Conversion to dexamethasone was well tolerated and was not associated with adrenocortical insufficiency or side effects of mineralocorticoid excess. Dexamethasone has been reported to cause orthostatic hypotension when given as a treatment of secondary mineralocorticoid excess in a phase I trial of abiraterone without concomitant steroids (Ryan et al, 2010). A currently ongoing phase II clinical trial (NCT01867710) is evaluating the safety profile of abiraterone given with different steroid regimens (prednisolone 5 mg twice daily, prednisolone 2.5 mg twice daily, prednisolone 5 mg once daily and dexamethasone 0.5 mg once daily) to chemotherapy-naïve metastatic CRPC patients. Moreover, abiraterone activity could be enhanced if combined with eplerenone instead of prednisolone, which, as previously reported, is feasible (Attard et al, 2008, 2009).

Several hypotheses could be considered to explain the observed effect. Possible mechanisms of resistance that would be reversed by ‘steroid switch’ are as follows:

  1. 1)

    Activation of the glucocorticoid receptor leads to resistance, as recently published for enzalutamide (Arora et al, 2013), which is reversed owing to the lower equivalent dose of dexamethasone compared with prednisolone. Reduced activation of the glucocorticoid receptor by doses of dexamethasone with a lower equivalent glucocorticoid activity induces less activation of the GR. In all, 90% of the patients in our study ultimately received 0.5 mg dexamethasone daily, which represents a 67% reduction in glucocorticoid activity compared with prednisolone 5 mg twice daily. The remaining three patients (10%) received a dose of dexamethasone 1 mg once daily, representing a 33% reduction in glucocorticoid activity; only one of the patients receiving dexamethasone 1 mg once daily achieved a >50% PSA decline.

  2. 2)

    Resistance occurs secondary to emergence of AR somatic point mutations that are activated by prednisolone but not by dexamethasone.

  3. 3)

    Resistance occurs secondary to activation of the mineralocorticoid receptor, for which dexamethasone has a lower affinity (Lan et al, 1982).

  4. 4)

    Other factors that may also contribute to the superior activity of dexamethasone in CRPC, including when administered as a single agent.
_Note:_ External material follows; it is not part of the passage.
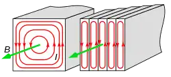 مواد فِرّومغناطیسی معمولاً هادیهای الکتریکی خوبی نیز هستند و بنابراین هسته ترانسفورماتور میتواند مانند یک مدار اتصال کوتاه شده عمل کند؛ بنابراین حتی با القای میزان کمی ولتاژ، جریان در هسته به شدت بالا میرود. این جریان جاری در هسته گذشته از به وجود آوردن تلفات الکتریکی موجب به وجود آمدن حرارت در هسته نیز میشود. جریان گردابی در هسته با مجذور بسامد منبع رابطه مستقیم و با مجذور ضخامت ورق هسته رابطه معکوس دارد. برای کاهش تلفات گردابی در هسته، هستهها را ورقه ورقه کرده و آنها را نسبت به یکدیگر عایق میکنند. اساس کار کورههای القایی، جریانهای گردابی است.

We acknowledge the lack of a control group in which abiraterone was discontinued at the time of steroid switch as a major limitation of the study. The possibility of the observed responses being related to the activity of dexamethasone as a single agent can therefore not be excluded. However, the similar response rate in patients regardless of progression on prior single agent dexamethasone suggests that an alternative mechanism is responsible for the observed responses.

In conclusion, performing a steroid switch in patients with a rising PSA while on abiraterone can delay the development of resistance, and it can induce radiological responses in selected patients. Prospective clinical trials with integrated biomarker studies are now required to further evaluate the extent of benefit and the biological mechanisms underlying our observations.